* Task details: Only the lines from the top of the records below through the line containing "XTEP swimming goggles" should be printed, exactly and without pictures.
● ● ●
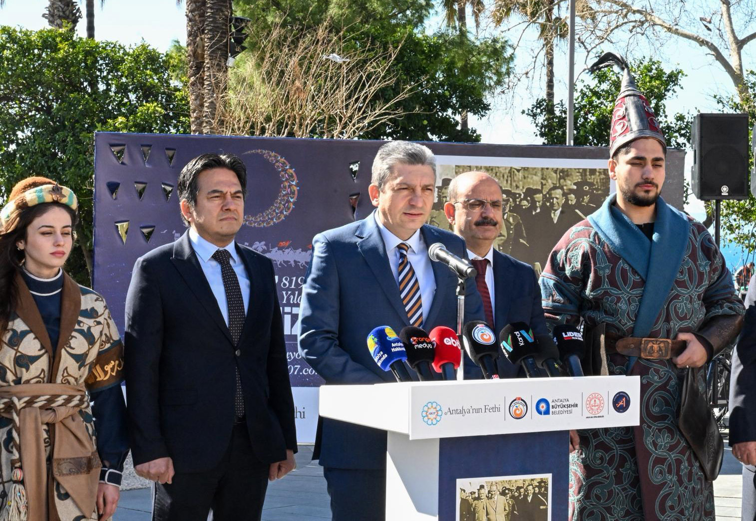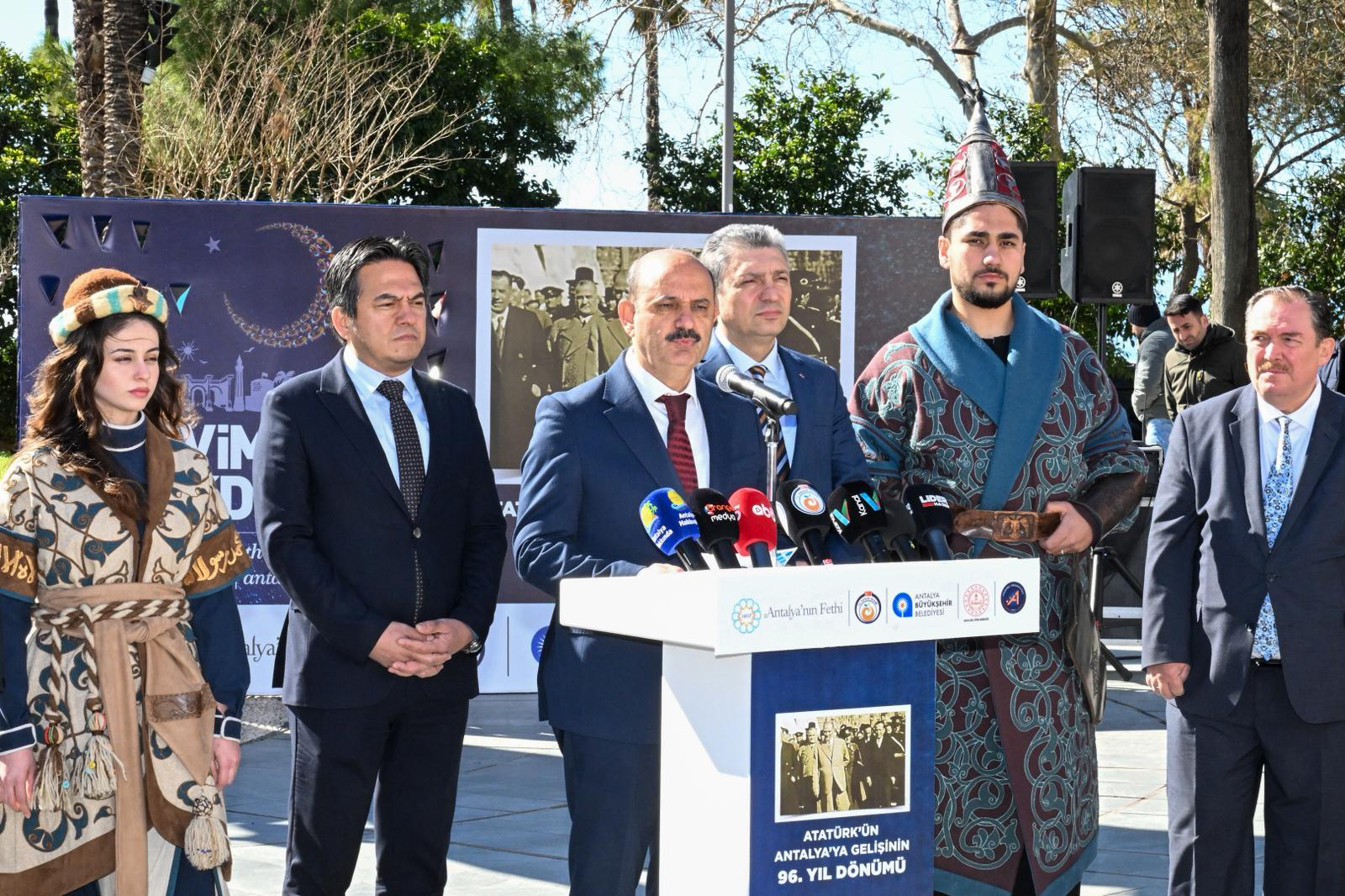 Antalya'nın fethinin 819. yıl dönümü ve Gazi Mustafa Kemal Atatürk'ün Antalya'ya gelişinin 96. yıl dönümü dolayısıyla Antalya Valisi Hulusi Şahin başkanlığında basın toplantısı düzenlendi. Yavuz Özcan Parkı 1. Gıyaseddin Keyhüsrev heykeli önünde düzenlenen toplantıya Vali Hulusi Şahin, Antalya Büyükşehir Belediyesi Genel Sekreter Yardımcısı Cemil Böcek, Muratpaşa Kaymakamı İhsan Kara, Akdeniz Üniversitesi Rektör Yardımcısı Şükrü Özen, ilgili kurum müdürleri ve basın mensupları katıldı.
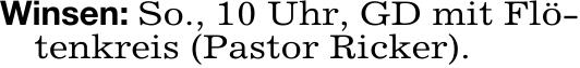 Winsen: So., 10 Uhr, GD mit Flö-tenkreis (Pastor Ricker).
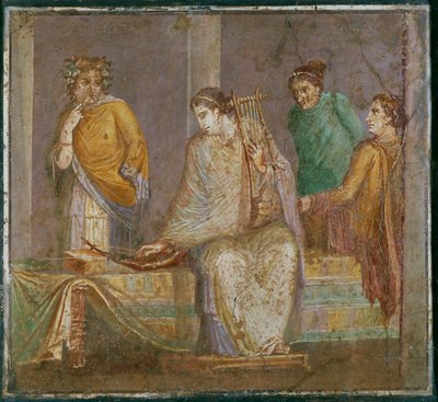 Romeinse kunst: een citharist. Fresco van de site van Castellammare di Stabia nabij Napels. 1e eeuw n.Chr. (fresco)(Roman art: a cythared. Fresco from the site of Castellammare di Stabia near Naples.1st century AD (fresco))Roman |
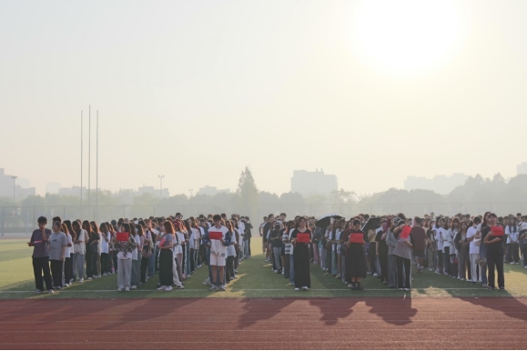伴随着庄严的《义勇军进行曲》,五星红旗冉冉升起,迎风飘扬。在场的每一个人向国旗行注目礼,深怀对祖国无限的热爱和崇高的敬意。
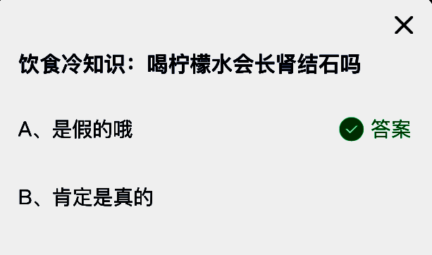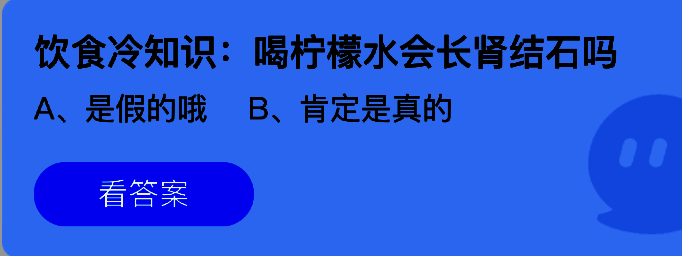 饮食冷知识:喝柠檬水会长肾结石吗?这是支付宝蚂蚁庄园小鸡答题6月19日题目,支付宝小鸡答题是大家非常喜欢的活动,大家获取饲料就可以喂养小鸡领取更多的蛋去帮助更多的人了!今日正确答案是【是假的哦】,喝了柠檬水不会得肾结石,反而柠檬水有可能对某些肾结石,特别是小的肾结石有一些预防治疗作用。
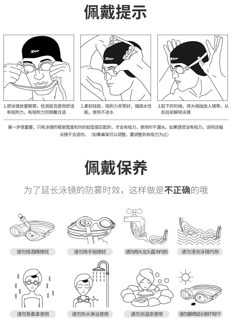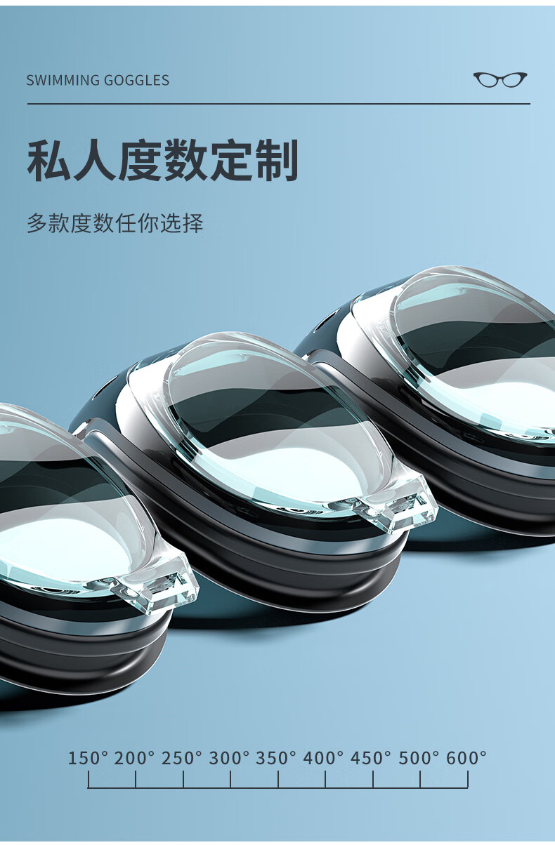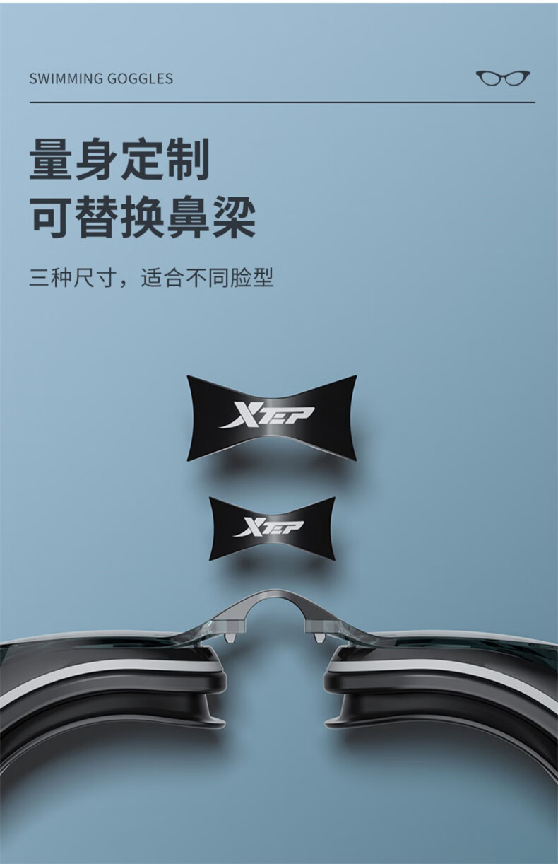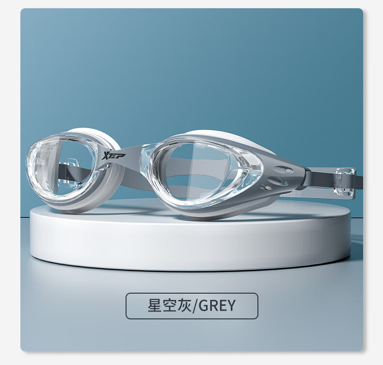 XTEP swimming goggles high-definition waterproof and anti-fog myopia degree swimming goggles for men and women adult professional diving and swimming equipment classic black flat light without myopia
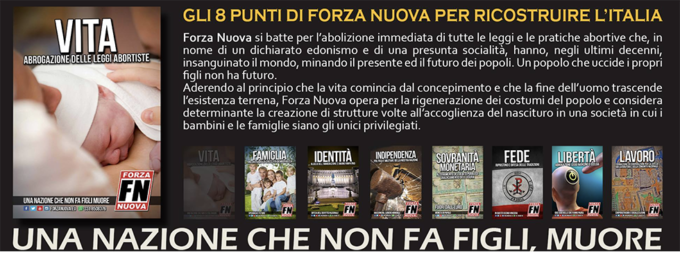 Al centro del convegno di Forza Nuova, come ha spiegato Pietro Amedeo, segretario provinciale di Forza Nuova, ci sarà l’aborto: «Il vento cristiano patriottico e rivoluzionario è entrato definitivamente in Italia e Forza Nuova spinge con forza affinché vi siano cambiamenti legislativi per eliminare l’aborto e iniziare una grande crescita demografica in Italia».
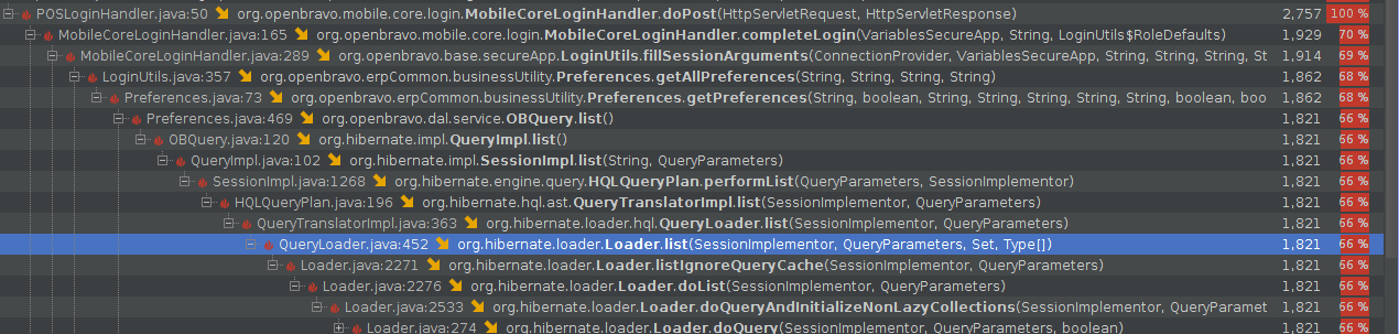 2.2 login WebPOS with 'Demo user' on its default 'Vallblanca' organization, which cannot see 'Central Mountains Store' -> login request take up to 4s, in this case, time is spent in loading DAL objects in memory | |||||||
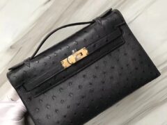 スポットエルメスミニケリーバッグエルメスMinikelly22CMオーストリッチレザー2Zミッドナイトブルーゴールドバックル
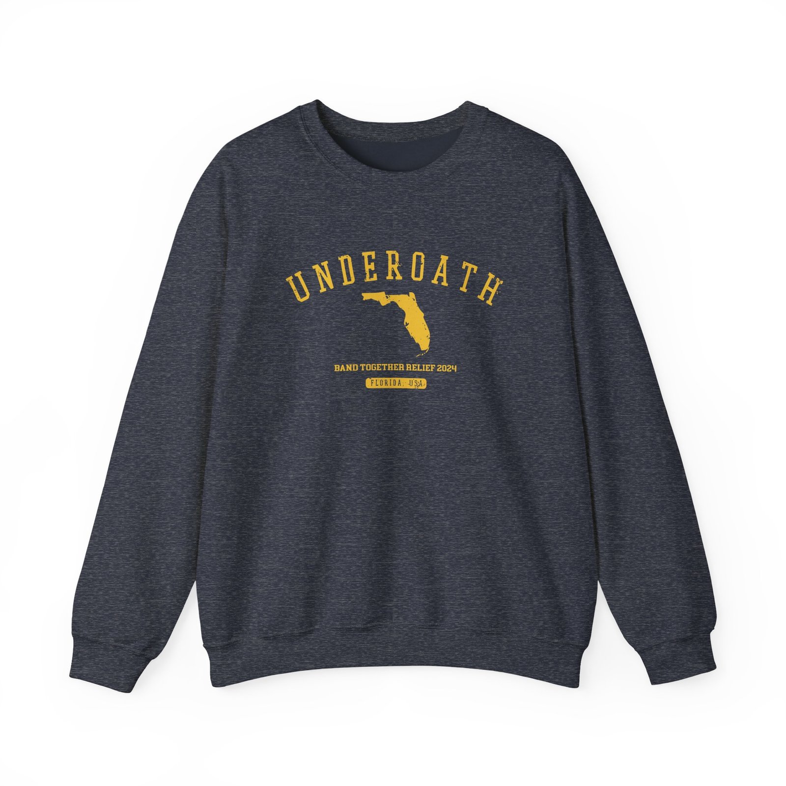 Ideal for any situation, a Underoath unisex heavy blend crewneck sweatshirt is pure comfort. These garments are made from polyester and cotton. This combination helps designs come out looking fresh and beautiful. The collar is ribbed knit, so it retains its shape even after washing. There are no itchy side seams on these sweaters.
● ● ●
* Expected answer:
 Antalya'nın fethinin 819. yıl dönümü ve Gazi Mustafa Kemal Atatürk'ün Antalya'ya gelişinin 96. yıl dönümü dolayısıyla Antalya Valisi Hulusi Şahin başkanlığında basın toplantısı düzenlendi. Yavuz Özcan Parkı 1. Gıyaseddin Keyhüsrev heykeli önünde düzenlenen toplantıya Vali Hulusi Şahin, Antalya Büyükşehir Belediyesi Genel Sekreter Yardımcısı Cemil Böcek, Muratpaşa Kaymakamı İhsan Kara, Akdeniz Üniversitesi Rektör Yardımcısı Şükrü Özen, ilgili kurum müdürleri ve basın mensupları katıldı.
 Winsen: So., 10 Uhr, GD mit Flö-tenkreis (Pastor Ricker).
 Romeinse kunst: een citharist. Fresco van de site van Castellammare di Stabia nabij Napels. 1e eeuw n.Chr. (fresco)(Roman art: a cythared. Fresco from the site of Castellammare di Stabia near Naples.1st century AD (fresco))Roman |
伴随着庄严的《义勇军进行曲》,五星红旗冉冉升起,迎风飘扬。在场的每一个人向国旗行注目礼,深怀对祖国无限的热爱和崇高的敬意。
 饮食冷知识:喝柠檬水会长肾结石吗?这是支付宝蚂蚁庄园小鸡答题6月19日题目,支付宝小鸡答题是大家非常喜欢的活动,大家获取饲料就可以喂养小鸡领取更多的蛋去帮助更多的人了!今日正确答案是【是假的哦】,喝了柠檬水不会得肾结石,反而柠檬水有可能对某些肾结石,特别是小的肾结石有一些预防治疗作用。
 XTEP swimming goggles high-definition waterproof and anti-fog myopia degree swimming goggles for men and women adult professional diving and swimming equipment classic black flat light without myopia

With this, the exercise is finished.